[Your task] In the listing that follows, the lines starting at the one containing "- 1,453,000 oz" and ending at the one containing "ちなみに今回使ったTシャツのサイズはLサイズ、子どもの背丈は120㎝です。" are to be returned exactly, both boundary lines included, and no others.

[Records shown]
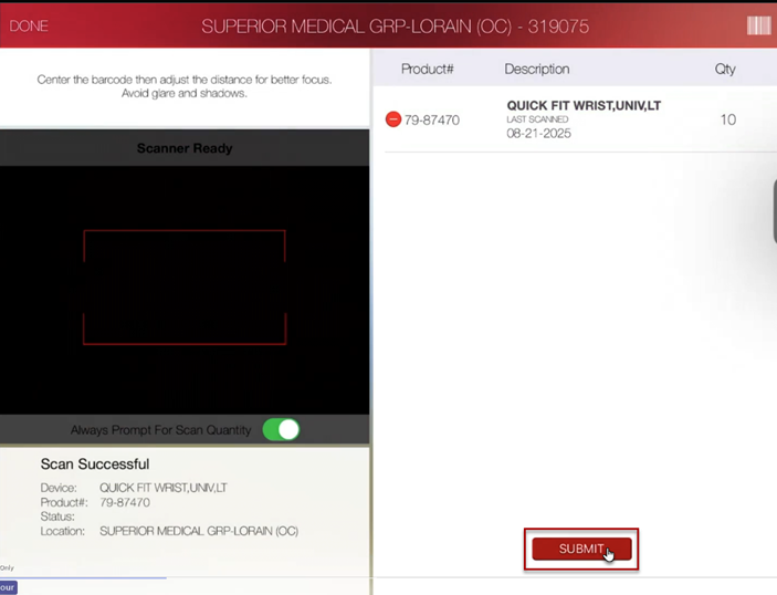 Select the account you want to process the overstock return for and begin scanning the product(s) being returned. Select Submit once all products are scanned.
* * *
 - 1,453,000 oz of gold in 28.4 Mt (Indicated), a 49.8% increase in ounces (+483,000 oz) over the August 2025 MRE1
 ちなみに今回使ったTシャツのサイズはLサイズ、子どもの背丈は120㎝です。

[Response area]
 - 1,453,000 oz of gold in 28.4 Mt (Indicated), a 49.8% increase in ounces (+483,000 oz) over the August 2025 MRE1
 ちなみに今回使ったTシャツのサイズはLサイズ、子どもの背丈は120㎝です。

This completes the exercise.